AI, ML & Data Science

John Thorpe

Head of Product at BreezeML

Machine learning (especially deep learning) is becoming increasingly complex and expensive. Many companies build their core businesses (e.g., self-driving, credit card fraud detection, item recommendation, etc.) upon continuous model training and/or inferencing, which is typically performed with dozens or even hundreds of GPU machines on a (public or on-premise) cloud. While a cloud-based environment makes it possible for these jobs to dynamically scale with load changes (e.g., user requests), running these jobs under the cloud's pay-as-you-go pricing model incurs large monetary costs, which would rapidly grow with the model size/complexity, the size of datasets, and the number of users.

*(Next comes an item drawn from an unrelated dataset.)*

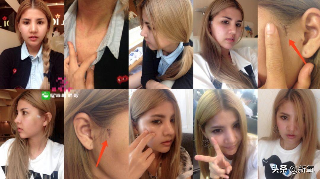 不完全统计,她做了第六次隆鼻手术、第二次Vline轮廓、丰唇、开眼角、面部提升、拉皮、臀部吸脂、腰部吸脂、打等等。

BreezeML democratizes AI/ML by helping AI companies significantly increase their performance-per-dollar by making effective use of preemptible GPU instances. Rooted in years of research at UCLA and Princeton, BreezeML provides (1) a preemption-resilient software system that allows users to reliably run ML training/inference jobs on preemptible instances (such as spot instances) and (2) a virtual cloud interface that performs intelligent selection and scheduling of (spot and on-demand) instances to minimize the monetary costs with strong SLA guarantees.

Currently, BreezeML provides two services:

An API server (http://windmill.breezeml.ai/apis/) that allows ML engineers to upload batch jobs for free trails. It also allows customers to use their own cloud (e.g., AWS) credential to log in and use BreezeML to run jobs under their own cloud configurations.
We provide a docker image of the Breeze runtime, which includes the Breeze-enhanced Pytorch/Tensorflow/XGBoost as well as a new K8S-based orchestration system that can be easily deployed in the user's local environment (compliant with the user's local security policies). Our runtime allows the user to (a) use cheap spot instances in the cloud or (b) sharing resources between (low-priority) training and (high-priority) inference jobs in their on-premise cluster, thereby significantly improving GPU resource utilization.

Experiments across a wide range of vision, language, and classification models demonstrate that BreezeML improve the performance-per-dollar by an average of 3 times. Our approach also eliminates the need of resource over-provisioning in on-premise clusters by allowing (high-priority) inference jobs to safely preempt (low-priority) training jobs.